This LEAPS team (representing seven academic institutions, a research foundation, and a private company) is seeking to develop a novel therapy for Parkinson's disease based on the implantation of encapsulated GDNF-producing cells into the brain. GDNF is widely recognized as a potent, protective, 'neurotrophic factor' for the dopaminergic neurons that degenerate in PD. It also induces regeneration of dopaminergic cells and increases dopamine release from remaining neurons. Unfortunately, GDNF does not cross the 'blood-brain-barrier', so it cannot be given orally or by injection. This inability to efficiently deliver GDNF to where it is needed in the brain has greatly limited the impact of this important molecule.

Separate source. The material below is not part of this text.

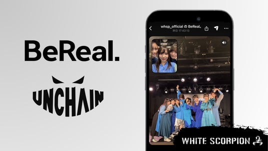 「世の中を“神ゲー”にして動かす」をミッションに、ゲーミフィケーション・マーケティングの企画運用を行う株式会社UNCHAIN(本社:東京都渋谷区、代表取締役:ウィン・レイ、以下UNCHAIN)は、Z世代注目のアプリ「BeReal.」にて、秋元康氏プロデュースの女性アイドルグループ「WHITE SCORPION」の公式アカウントの開設支援を行いました。本取り組みは、日本において女性アイドルグループの全メンバーが揃ってBeReal公式アカウントを開設する初の事例であり、BeReal Japanとのパートナーシップの元、弊社にてアカウント開設から今後の運用サポートまで、クリエイターの魅力を最大限に表現していただくサポートを行う公式アカウント開設支援プロジェクトとなります。

Lindvall and colleagues believe the use of encapsulated cell technology (ECT) will enable localized, sustained delivery of GDNF to the brain. The team's approach consists of several steps that will take ECT delivery of GDNF from a concept to a therapeutic reality. First, they will generate human cell lines capable of steadily secreting small amounts of GDNF; then they will place these cells in fiber capsules. Once created, these capsules will be tested to assess cell viability and level and duration of GDNF secretion, diffusion of GDNF into the brain, and neuroprotective efficacy in PD models. They will also be tested for their potential to cause side effects and for their ability to be removed from the brain, if needed. This last step, retrievability, is an essential aspect of ECT-based therapy, as it allows the capsules to be removed in the event that unexpected results occur.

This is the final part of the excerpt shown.